Find "3、战斗时留意伤害数值-15" in the data, then restate the line it sits in and every later line word for word, ending with the last line.

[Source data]
------------------------------
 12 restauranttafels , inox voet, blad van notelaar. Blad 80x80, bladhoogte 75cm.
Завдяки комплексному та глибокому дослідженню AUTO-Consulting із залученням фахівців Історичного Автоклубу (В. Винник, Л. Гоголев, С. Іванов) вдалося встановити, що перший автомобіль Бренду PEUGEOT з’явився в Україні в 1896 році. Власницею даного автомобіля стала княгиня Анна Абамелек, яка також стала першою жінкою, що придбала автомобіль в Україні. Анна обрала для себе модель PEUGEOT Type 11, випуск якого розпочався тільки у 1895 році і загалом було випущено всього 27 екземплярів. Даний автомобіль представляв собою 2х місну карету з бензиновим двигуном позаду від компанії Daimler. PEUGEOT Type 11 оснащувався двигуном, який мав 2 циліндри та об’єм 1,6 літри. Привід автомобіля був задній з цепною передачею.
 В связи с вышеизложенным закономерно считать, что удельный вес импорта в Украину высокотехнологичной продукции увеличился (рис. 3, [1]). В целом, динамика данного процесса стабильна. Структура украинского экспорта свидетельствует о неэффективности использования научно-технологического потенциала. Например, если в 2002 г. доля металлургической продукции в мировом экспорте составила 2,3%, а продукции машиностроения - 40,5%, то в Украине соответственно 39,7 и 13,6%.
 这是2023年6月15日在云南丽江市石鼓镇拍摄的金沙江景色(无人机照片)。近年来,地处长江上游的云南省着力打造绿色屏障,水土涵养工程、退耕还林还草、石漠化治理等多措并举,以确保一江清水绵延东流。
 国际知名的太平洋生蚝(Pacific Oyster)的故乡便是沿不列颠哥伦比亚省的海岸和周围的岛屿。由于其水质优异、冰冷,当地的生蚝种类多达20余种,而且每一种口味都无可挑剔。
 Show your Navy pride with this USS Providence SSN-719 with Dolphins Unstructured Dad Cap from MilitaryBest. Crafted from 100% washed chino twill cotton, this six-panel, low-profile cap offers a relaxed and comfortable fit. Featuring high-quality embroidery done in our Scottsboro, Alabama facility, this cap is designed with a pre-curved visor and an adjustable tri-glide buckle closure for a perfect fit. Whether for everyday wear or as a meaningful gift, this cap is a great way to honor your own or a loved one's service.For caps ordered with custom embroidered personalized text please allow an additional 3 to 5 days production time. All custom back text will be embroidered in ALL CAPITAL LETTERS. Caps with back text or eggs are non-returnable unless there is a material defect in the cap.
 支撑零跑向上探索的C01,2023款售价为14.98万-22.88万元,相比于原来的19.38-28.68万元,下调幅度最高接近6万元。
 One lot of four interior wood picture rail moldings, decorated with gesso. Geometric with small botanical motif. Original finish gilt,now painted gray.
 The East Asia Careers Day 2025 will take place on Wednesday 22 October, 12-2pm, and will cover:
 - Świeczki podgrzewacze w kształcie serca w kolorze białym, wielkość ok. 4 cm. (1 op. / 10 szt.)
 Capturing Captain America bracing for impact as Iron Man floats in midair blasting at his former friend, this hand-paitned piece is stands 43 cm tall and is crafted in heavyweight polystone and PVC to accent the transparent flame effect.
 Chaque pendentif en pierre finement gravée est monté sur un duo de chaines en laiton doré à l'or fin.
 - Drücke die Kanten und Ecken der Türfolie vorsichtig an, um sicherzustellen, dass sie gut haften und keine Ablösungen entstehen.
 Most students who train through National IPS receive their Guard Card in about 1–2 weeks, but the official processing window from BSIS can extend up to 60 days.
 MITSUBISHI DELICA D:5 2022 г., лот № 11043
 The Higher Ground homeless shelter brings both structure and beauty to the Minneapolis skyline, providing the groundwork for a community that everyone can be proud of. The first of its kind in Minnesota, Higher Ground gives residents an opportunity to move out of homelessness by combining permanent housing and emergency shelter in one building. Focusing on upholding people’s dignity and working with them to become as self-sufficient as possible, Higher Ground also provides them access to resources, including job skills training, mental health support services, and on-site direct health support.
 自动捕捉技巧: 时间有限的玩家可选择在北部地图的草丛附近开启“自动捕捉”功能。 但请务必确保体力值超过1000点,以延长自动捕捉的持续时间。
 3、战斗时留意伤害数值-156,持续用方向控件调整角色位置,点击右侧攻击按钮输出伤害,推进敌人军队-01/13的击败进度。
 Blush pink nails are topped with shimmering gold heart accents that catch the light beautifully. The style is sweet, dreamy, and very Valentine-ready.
------------------------------
* Result of this exercise:
 3、战斗时留意伤害数值-156,持续用方向控件调整角色位置,点击右侧攻击按钮输出伤害,推进敌人军队-01/13的击败进度。
 Blush pink nails are topped with shimmering gold heart accents that catch the light beautifully. The style is sweet, dreamy, and very Valentine-ready.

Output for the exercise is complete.